Lobi Stars Football Club (formerly known as Mosquito football club, Lobi Bank, BBL Hawks, and Hawks) is a Nigerian professional soccer club based in Makurdi, Benue. The club competes in the Nigerian Professional Football League. The Stars' home is the 8,000 seater Aper Aku Stadium.

History
Founded as Hawks of Makurdi in 1981 by the Benue State sports council, the club was renamed Benue Breweries Limited (BBL) Hawks Football club, when the state-owned Breweries acquired the club in 1985.
There was another change again when state-owned Lobi Bank acquired the club in 1990 and named it Lobi Bank Football Club.

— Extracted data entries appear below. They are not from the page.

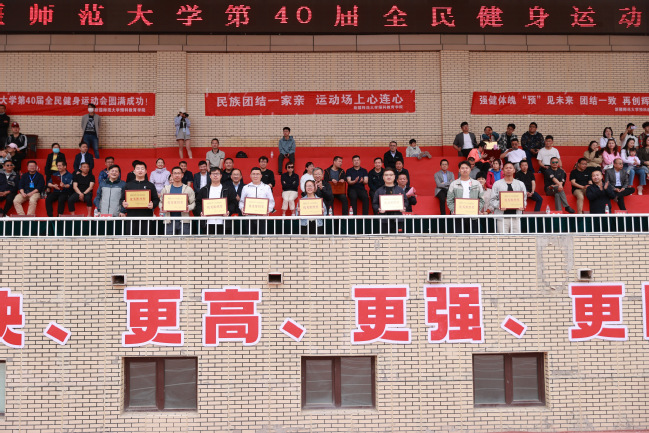 经过两天的激烈角逐,365英国上市公司官网第40届全民健身运动会顺利完成各项预定赛程,于5月20日下午在温泉校区运动场圆满落幕。校党委书记葛国,校党委副书记王志勇,校党委副书记刘俊,校党委常委、副校长季荣,校党委常委、纪委书记蒋方珍,校党委常委、宣传部部长高靖,校党委常委、组织部部长胡毅涛出席闭幕式并为获奖集体代表颁奖。校党委常委、副校长陈彤主持闭幕式。各学院和有关部门负责人、各学院师生代表参加了闭幕式。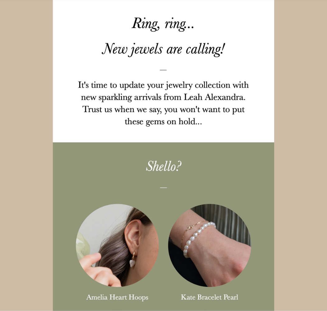 - Goal: Promote new arrivals from Leah Alexandra Jewelry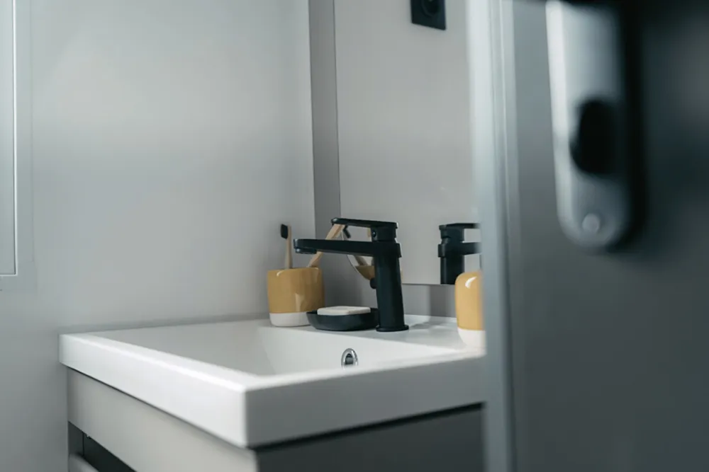 Die Gemeinschaftsduschen befinden sich in unmittelbarer Nähe und bieten bei Bedarf zusätzlichen Platz.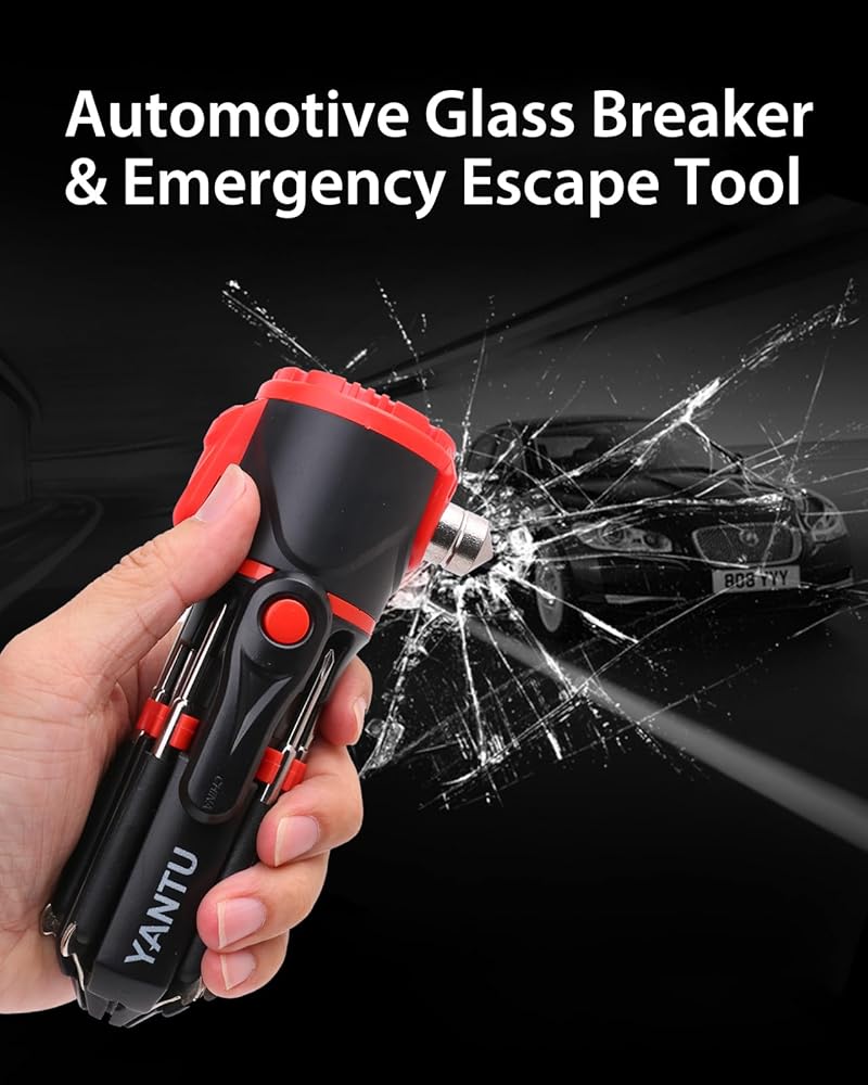 قاطع النوافذ وقاطع حزام الأمان من YANTU، كاسر زجاج السيارة، رؤوس مطرقة فولاذية التنجستن مزدوجة الجوانب، مطرقة أمان السيارة 2 في 1، أداة السيارات الضرورية للطوارئ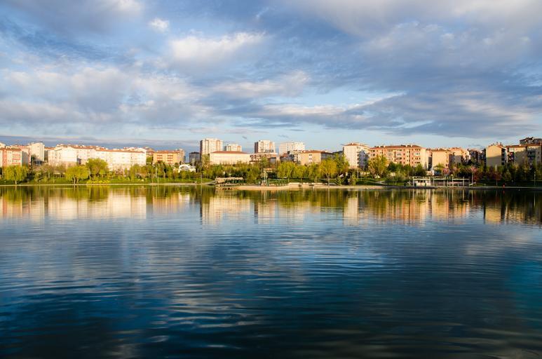 Keywords: park lake amusement park in the evening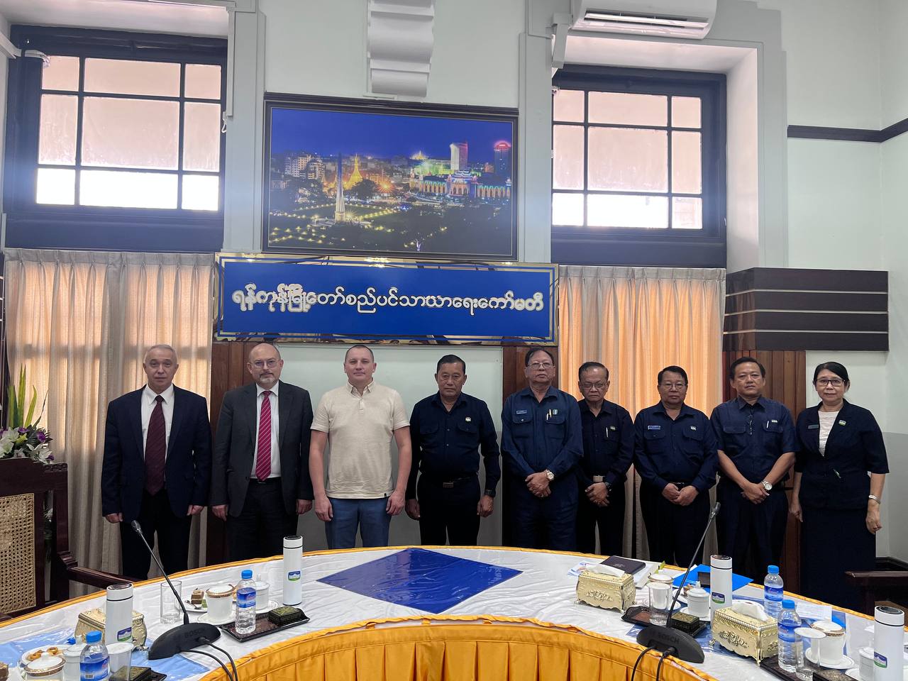 В рамках рабочей поездки руководителя ВЦНСП в Республику Союз Мьянма совместно с представителями Посольства и Торгпредства Российской Федерации состоялась встреча с господином У Ньи-Ньи, заместителем председателя (вице-мэром) Комитета по развитию города Янгон, а также с руководителями профильных подразделений аппарата Комитета.

In 1999, the Nigeria Football League was played in a new format which saw the top four teams squaring up in a knock out Super League at the National Stadium, Surulere. Lobi Stars won the maiden edition of the Nigerian Super League under coach Godwin Koko Uwua's management. Lobi Stars won its first and only FA Cup title in 2003 after beating Sharks FC of Port-Harcourt.

In 2005 they reached the finals of the domestic FA Cup where they lost to Enyimba.

They finished the 2008–09 season with an official record of 13 wins 10 draws and 15 losses after winning a game on appeal against Enugu Rangers, avoiding the drop by one point.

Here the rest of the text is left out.